К ХЛАМу потянулись уже выявившие себя сценические силы и новые, проявлявшиеся порой там, где их совсем нельзя было ожидать, например, уже в пожилой кавалерственной даме, жене командира одного из блестящих гвардейских полков, не имевшей ничего общего с ядром ХЛАМа — московской богемой. Эта генеральша Гольдгойер на шестом десятке лет обнаружила в себе яркие и своеобразные сценические способности. Вместе с нею вступили в ХЛАМ прекрасно танцевавшая столбовая дворянка-помещица Хомутова-Гамильтон, «лэди», как звали ее на Соловках, и именитая московская купчиха, «чайница» Высоцкая. Они вполне ужились в атмосфере ХЛАМа и с молодежью, и с типичными профессиональными актерами, каким был, например, эстрадный куплетист-еврей Жорж Леон.
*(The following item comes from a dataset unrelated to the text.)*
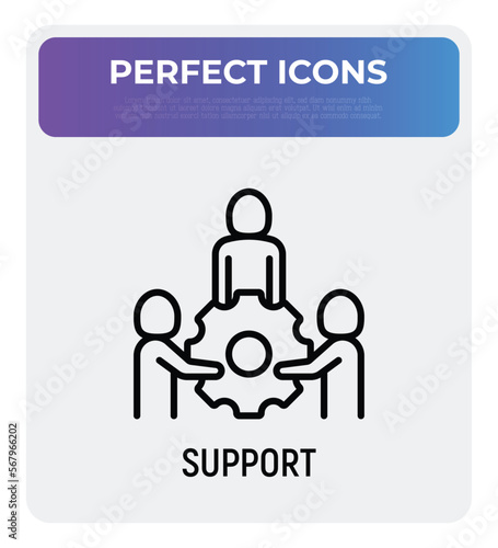 Support thin line icon. Group of people holding big cogwheel by hands. Teamwork, partnership, business cooperation. Modern vector illustration.

Вся эта пестрая, разноликая, разнохарактерная толпа была спаяна и крепко связана общим цементом — тоской по отнятым у жизни красочности и звучности, стремлением к личному, свободному, поскольку это возможно, творчеству, и странно, что эту максимальную из возможных по тому времени свобод мы находили именно на каторжном острове, на свалке, казалось, разбитой вдребезги русской культуры. Но на всей остальной площади Советского Союза это было уже невозможно. Там рожденное революцией «сегодня» уже заполнило пустоту, образовавшуюся на месте отброшенного, попранного «вчера».
* * *
Наконец, вечер первого спектакля ХЛАМа настал.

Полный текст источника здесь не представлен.